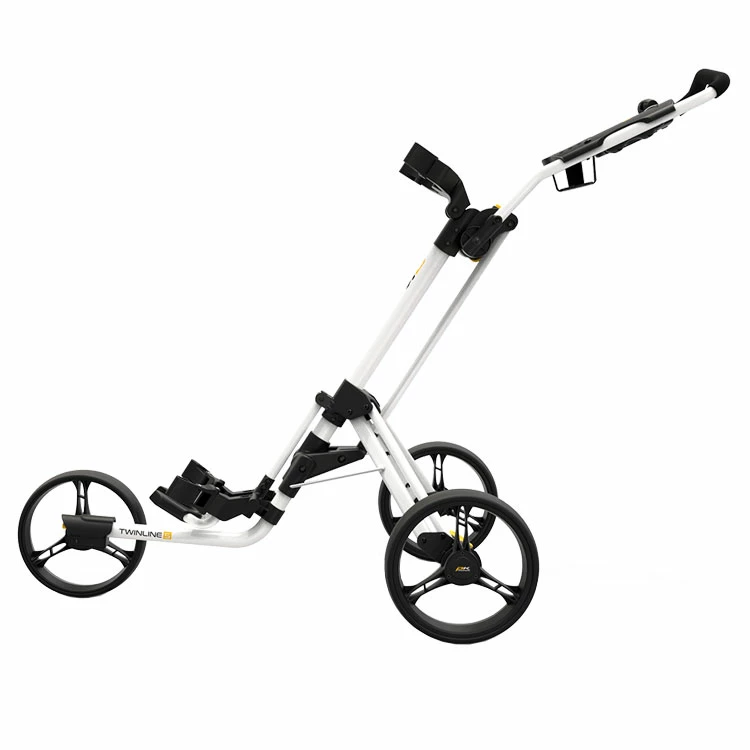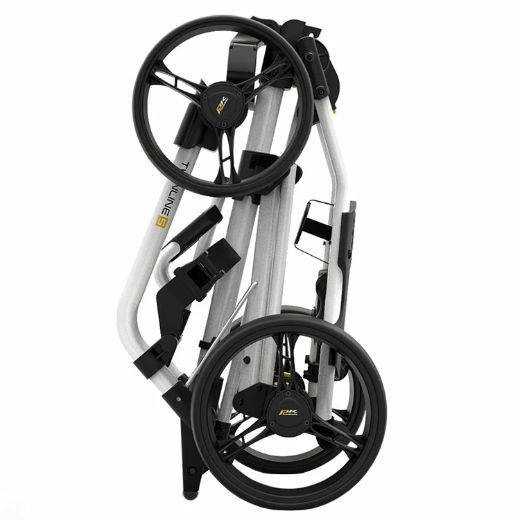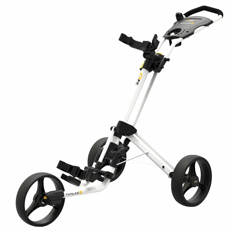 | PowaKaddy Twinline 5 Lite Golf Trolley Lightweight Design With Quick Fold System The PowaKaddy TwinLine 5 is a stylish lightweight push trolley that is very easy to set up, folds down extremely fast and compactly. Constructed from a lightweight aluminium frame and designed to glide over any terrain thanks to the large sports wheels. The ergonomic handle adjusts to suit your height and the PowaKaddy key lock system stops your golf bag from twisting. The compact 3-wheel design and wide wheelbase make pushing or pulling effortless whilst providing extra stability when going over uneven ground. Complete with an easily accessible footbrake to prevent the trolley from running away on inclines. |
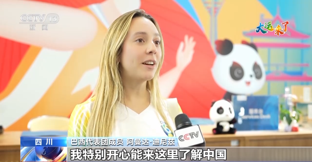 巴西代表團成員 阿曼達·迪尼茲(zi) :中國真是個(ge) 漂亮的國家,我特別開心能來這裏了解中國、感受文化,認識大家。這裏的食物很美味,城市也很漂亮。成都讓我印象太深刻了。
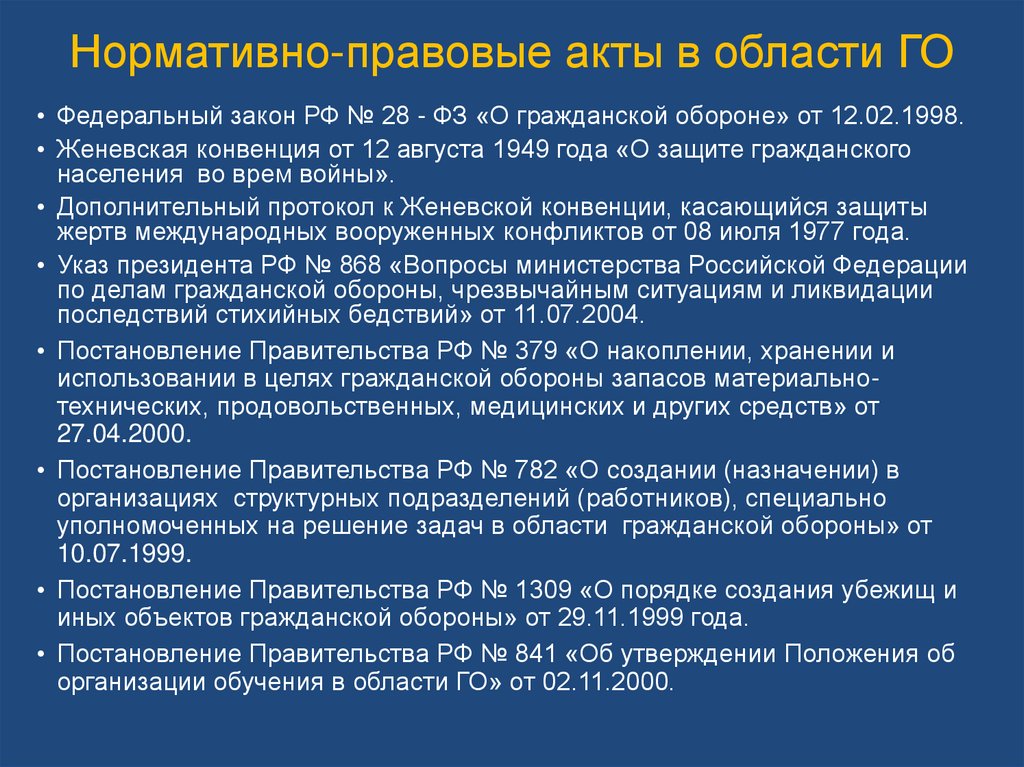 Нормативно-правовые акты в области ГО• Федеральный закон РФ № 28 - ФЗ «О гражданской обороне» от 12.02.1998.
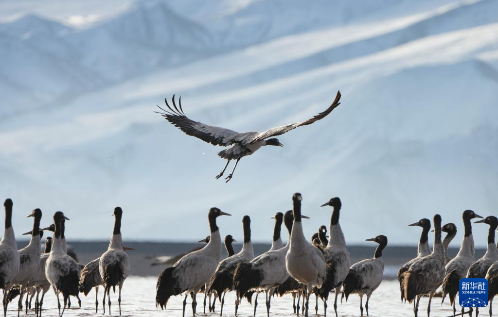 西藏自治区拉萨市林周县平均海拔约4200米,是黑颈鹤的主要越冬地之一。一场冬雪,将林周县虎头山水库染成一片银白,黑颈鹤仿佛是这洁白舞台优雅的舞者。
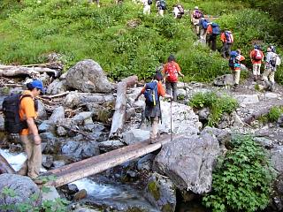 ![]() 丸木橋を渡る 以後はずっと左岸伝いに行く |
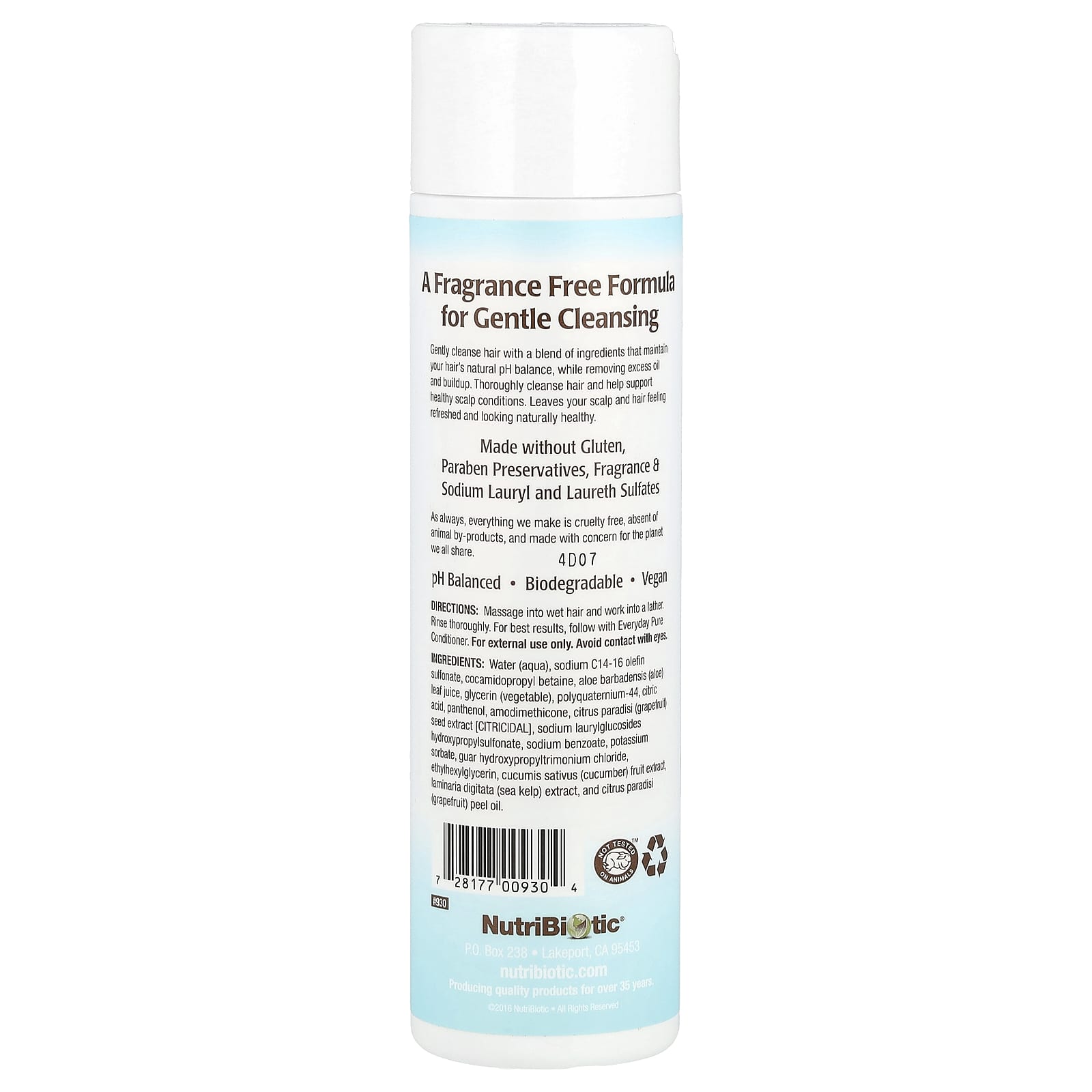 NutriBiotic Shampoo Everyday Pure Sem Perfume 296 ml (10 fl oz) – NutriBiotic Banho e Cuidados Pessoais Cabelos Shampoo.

—————

The preceding entries should be duplicated word for word; no picture belongs in the copy.

SOLVED PROBLEM:
 | PowaKaddy Twinline 5 Lite Golf Trolley Lightweight Design With Quick Fold System The PowaKaddy TwinLine 5 is a stylish lightweight push trolley that is very easy to set up, folds down extremely fast and compactly. Constructed from a lightweight aluminium frame and designed to glide over any terrain thanks to the large sports wheels. The ergonomic handle adjusts to suit your height and the PowaKaddy key lock system stops your golf bag from twisting. The compact 3-wheel design and wide wheelbase make pushing or pulling effortless whilst providing extra stability when going over uneven ground. Complete with an easily accessible footbrake to prevent the trolley from running away on inclines. |
 巴西代表團成員 阿曼達·迪尼茲(zi) :中國真是個(ge) 漂亮的國家,我特別開心能來這裏了解中國、感受文化,認識大家。這裏的食物很美味,城市也很漂亮。成都讓我印象太深刻了。
 Нормативно-правовые акты в области ГО• Федеральный закон РФ № 28 - ФЗ «О гражданской обороне» от 12.02.1998.
 西藏自治区拉萨市林周县平均海拔约4200米,是黑颈鹤的主要越冬地之一。一场冬雪,将林周县虎头山水库染成一片银白,黑颈鹤仿佛是这洁白舞台优雅的舞者。
 ![]() 丸木橋を渡る 以後はずっと左岸伝いに行く |
 NutriBiotic Shampoo Everyday Pure Sem Perfume 296 ml (10 fl oz) – NutriBiotic Banho e Cuidados Pessoais Cabelos Shampoo.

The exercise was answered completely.